Рюрик безропотно, но с явным удивлением и недовольством повиновался ей.

- На, поешь. - Руцина дала Рюрику кувшин с овсяным киселем и овсяную лепешку.

"Хорошо еще, что не заставила совершить омовение и постоять перед священным котелком", - хмуро подумал Рюрик и глянул в правый угол одрины княгини: котелок на серебряной треноге стоял на своем исконном месте.

Князь облегченно вздохнул: "Значит, Христос еще не так сильно ранил ее душу. Это уже лучше..." Он перевел взгляд на туалетный столик жены и ахнул; на столе стоял небольшой, но красивый, добротной работы позолоченный... семисвечник! "Так вот где причина ее озабоченности!.. Предки были правы, что запрещали хмельным князьям заходить к своим женам. Войдешь хмельным выйдешь одурманенным... Ну, Руцина!.." - Рюрик жевал лепешку, хлебал кисель и смотрел во все глаза на свою старшую жену.

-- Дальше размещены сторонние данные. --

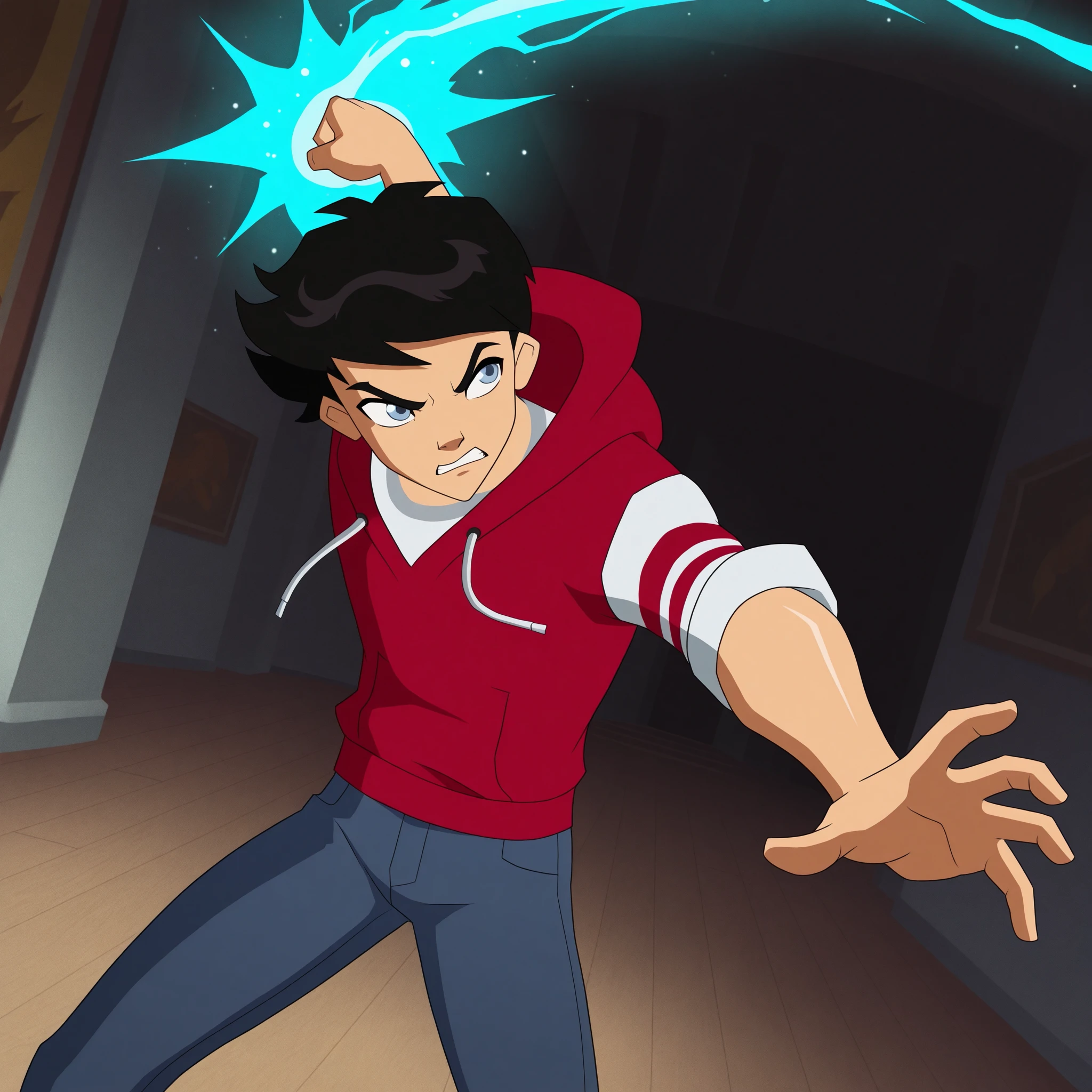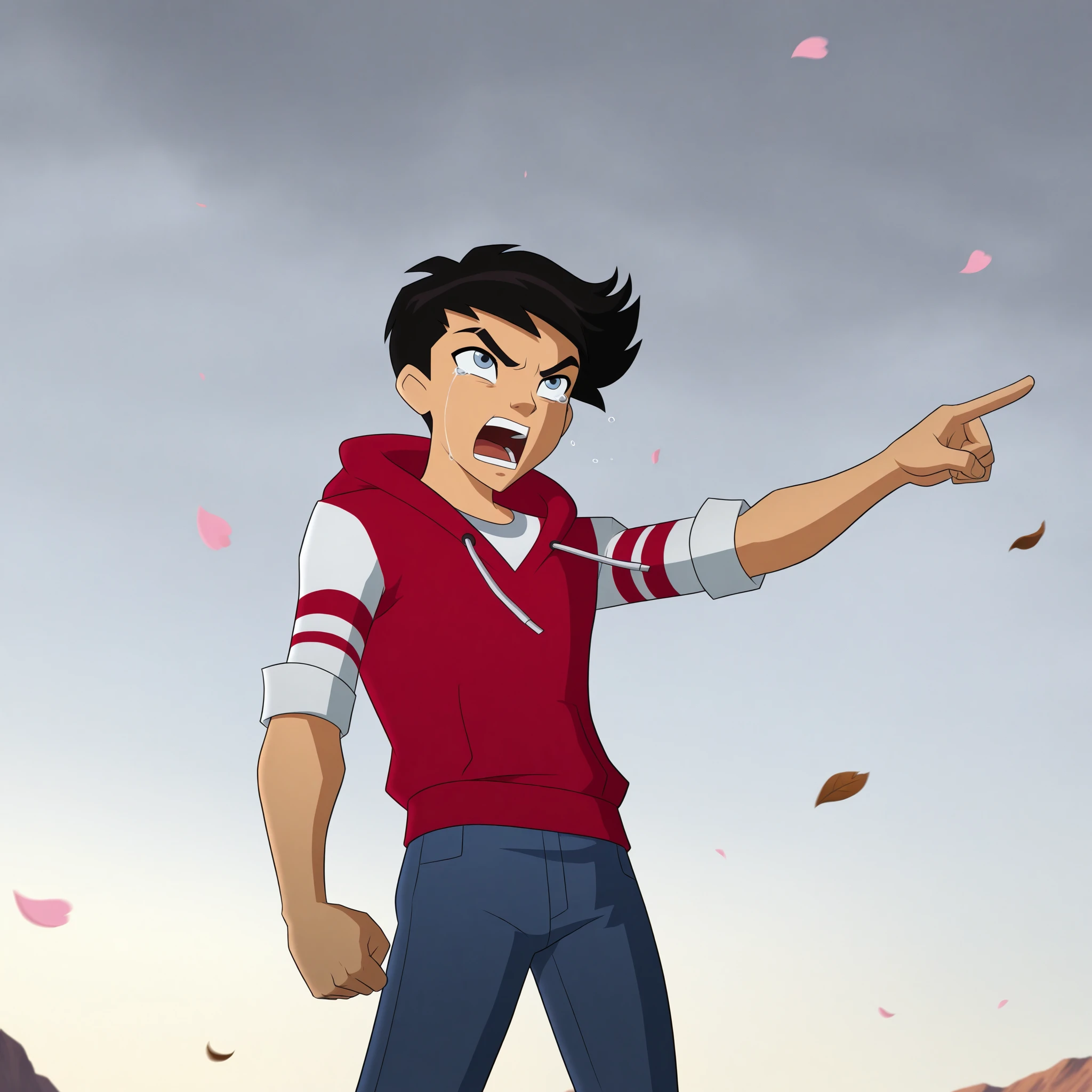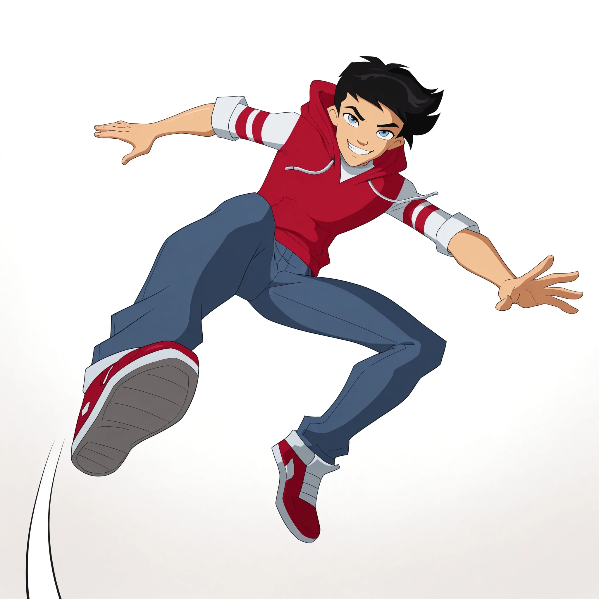 1boy, male focus, Leo_Walker, light blue eyes, black hair, short hair, white shirt, rolled sleeves, red hooded vest, blue jeans, white and red shoes

"Так, значит, побеседуем, моя миссионерка?!" - мысленно он уже звал ее так и, недобро улыбнувшись, подумал: "А что, если ей удастся то, что не удалось тем, двоим..."

Руцина уловила перемену в его настроении, каким-то чудом угадала причину его сопротивления, но отступать уже не могла.

Это было не в ее характере. "Ну, будь что будет", - решила она и ринулась в бой.

- Рюрик, ты так улыбаешься, глядя на меня и семисвечник, будто всеведущ. А между тем, мой любимый, есть вещи, которые не может объяснить даже Бэрин.

Рюрик поставил на стол кувшин. Вот сейчас он понял, за что любит Руц, за упорство: уж если она что-то задумает, то пустит в ход все женские уловки, и слабость, и силу свою, но от своего не отступится. Он улыбнулся ей, кивнул: "Продолжай, я внемлю тебе". Она же, уловив эту его теплую, нежную улыбку, споткнулась на слове, печально подумала: "Господи, дай мне силы! Я так люблю его, что готова за одну его улыбку идти за ним куда угодно..."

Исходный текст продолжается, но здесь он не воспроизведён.